This solution doesn't follow your approach, but is still valid. We actually seek the evaluation of the following integral:
$$I=\int_0^\infty x^\mu e^{-ax}\sin(x)dx=\Im\int_0^\infty x^\mu e^{(i-a)x}dx$$
for $\mu>-1$ and $a>0$. The integral will be evaluated with a complex contour, the path of which will make sense in hindsight. We take as a contour a sector of an annulus with outer radius $R$ and inner radius $\epsilon$, and an angle of $\varphi=\arctan(1/a)$. This angle gives us the useful relationship of
$$(i-a)=\sqrt{a^2+1}e^{i(\pi-\varphi)}=-\sqrt{a^2+1}e^{-i\varphi}$$
which will come in handy later. The four pieces of the arc enclose no singularities, so by the Cauchy Integral Theorem, its integral is $0$. We were also careful to avoid the essential singularity at $0$, and must be wise to consider branch cuts.
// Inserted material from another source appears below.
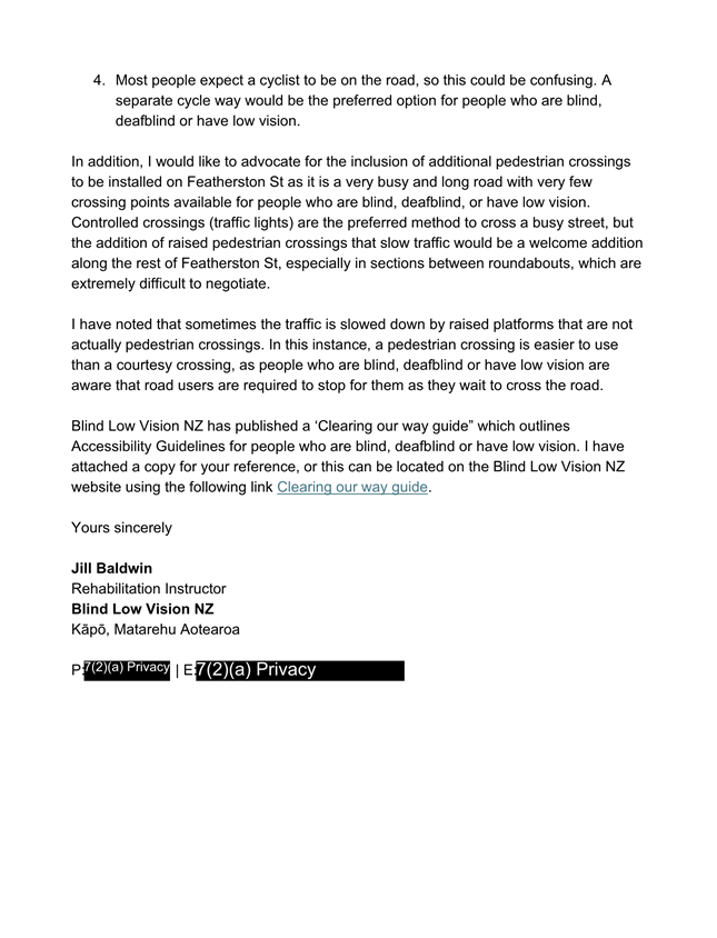 The changes implemented so far on Featherston street have provided a greater feeling of safety for those residents who move about on foot, cycle and by public bus. At the same time we’re seeing a change in motor vehicle driver behaviour, such that following these changes this section of the street feels safer on foot and on bicycle, and drivers of motor vehicles are travelling slower and less aggressively. We need to keep in mind that Featherston Street has been the most dangerous for all street users over the last decade with 442 accidents and two fatalities. Our opinion is that the design changes made will see a complete reversal of these staggering statistics over the coming decade.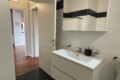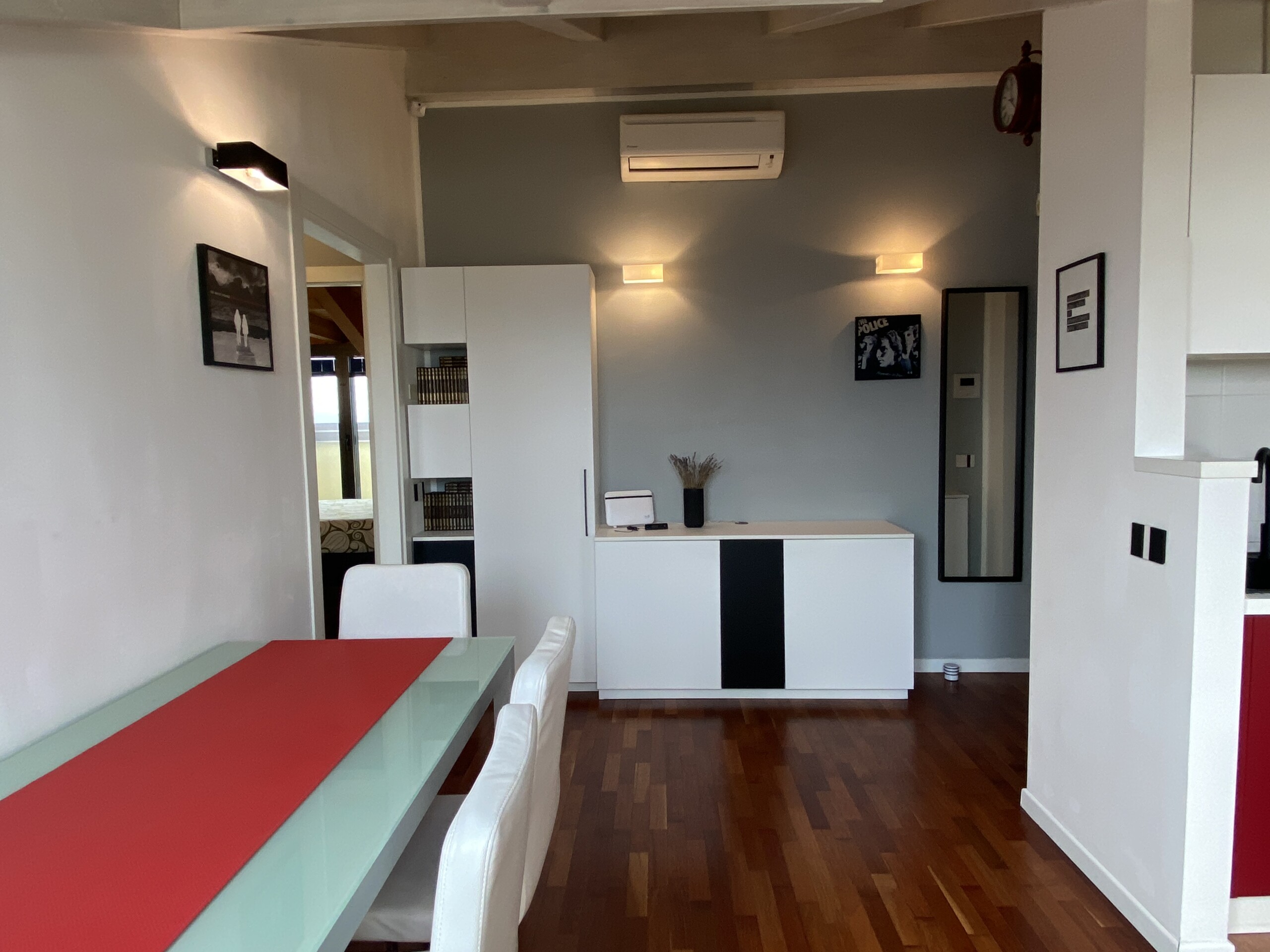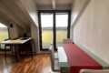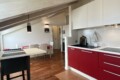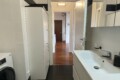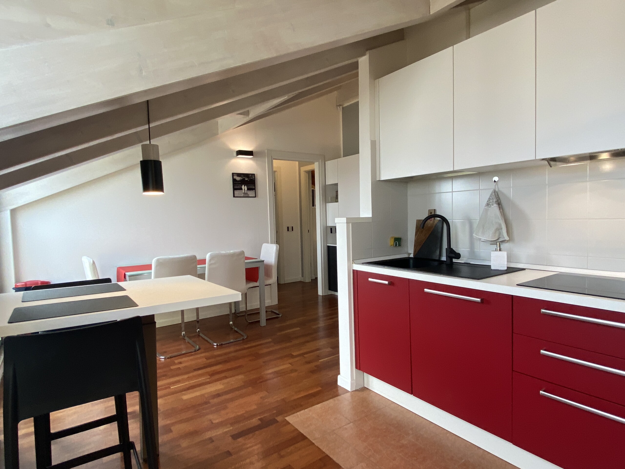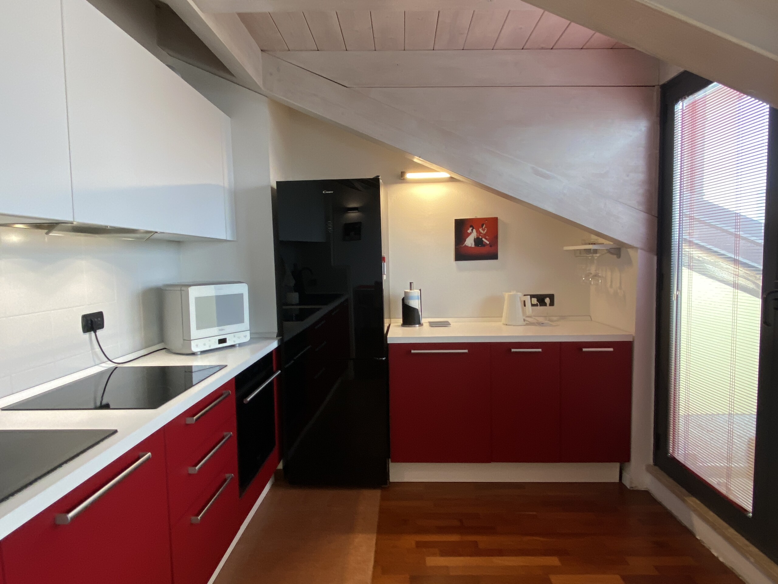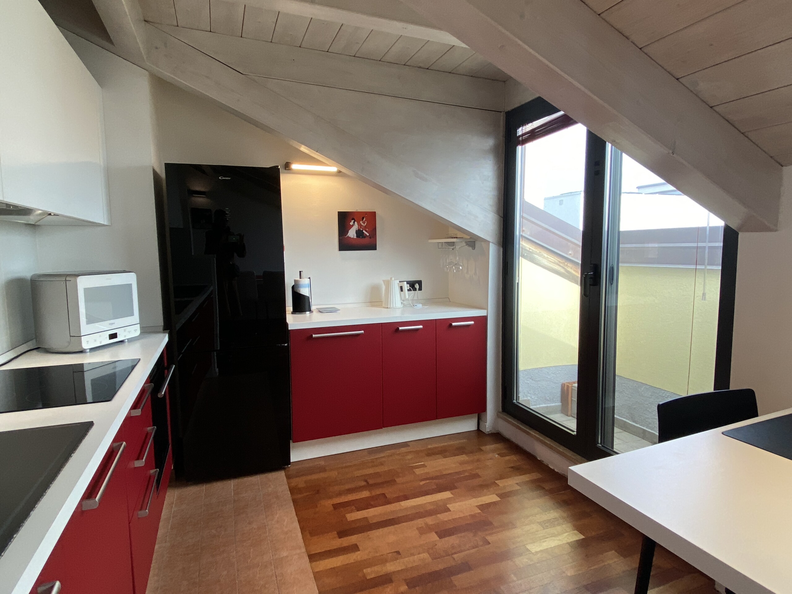 Upon entering, you’ll find a small hallway leading to the main living area, which is filled with natural light thanks to two large French doors opening onto a small balcony. The stylish red kitchen is fully equipped with an induction cooktop, electric oven, microwave, and a modern fridge-freezer, along with all necessary kitchenware. There’s a peninsula table near the kitchen and an additional table with four chairs, which can also be used as a desk.

We then have
$$0=\oint z^\mu e^{(i-a)z}dz=\int_\epsilon^R x^\mu e^{(i-a)x}dx+\int_0^\varphi\left(Re^{i\theta}\right)^\mu e^{(i-a)Re^{i\varphi}}iRe^{i\theta}d\theta$$
$$+\int_R^\epsilon\left(xe^{i\varphi}\right)^\mu e^{(i-a)xe^{i\varphi}}e^{i\varphi}dx+\int_\varphi^0\left(\epsilon e^{i\theta}\right)^\mu e^{(i-a)\epsilon e^{i\theta}}i\epsilon e^{i\theta}d\theta$$
The second integral goes to $0$ as $R\to\infty$, and the fourth integral goes to $0$ as $\epsilon\to 0$ (can you show this?). This tells us that
$$\int_0^\infty x^\mu e^{(i-a)x}dx=e^{i(\mu+1)\varphi}\int_0^\infty x^\mu e^{-\sqrt{a^2+1}x}dx$$
We now take $a\to 0^+$ (noting that $\varphi\to\pi/2$) and get
$$\int_0^\infty x^\mu e^{ix}dx=e^{i(\mu+1)\frac{\pi}{2}}\int_0^\infty x^\mu e^{-x}dx=e^{i(\mu+1)\frac{\pi}{2}}\Gamma(\mu+1)$$
where $\Gamma$ is the Euler Gamma function. The imaginary portion of this is
$$\int_0^\infty x^\mu\sin(x)dx=\sin\left[(\mu+1)\frac{\pi}{2}\right]\Gamma(\mu+1)$$
This relates back to the integral in question of
$$J=\int_0^\infty\sin(x^2)dx$$
If we let $u=x^2$, then
$$J=\frac{1}{2}\int_0^\infty\frac{\sin(u)}{\sqrt{u}}du=\frac{1}{2}\sin\left(\frac{\pi}{4}\right)\Gamma\left(\frac{1}{2}\right)=\frac{\sqrt{2\pi}}{4}$$
For the cosine integral, we do the same process and instead take the real portion along the way.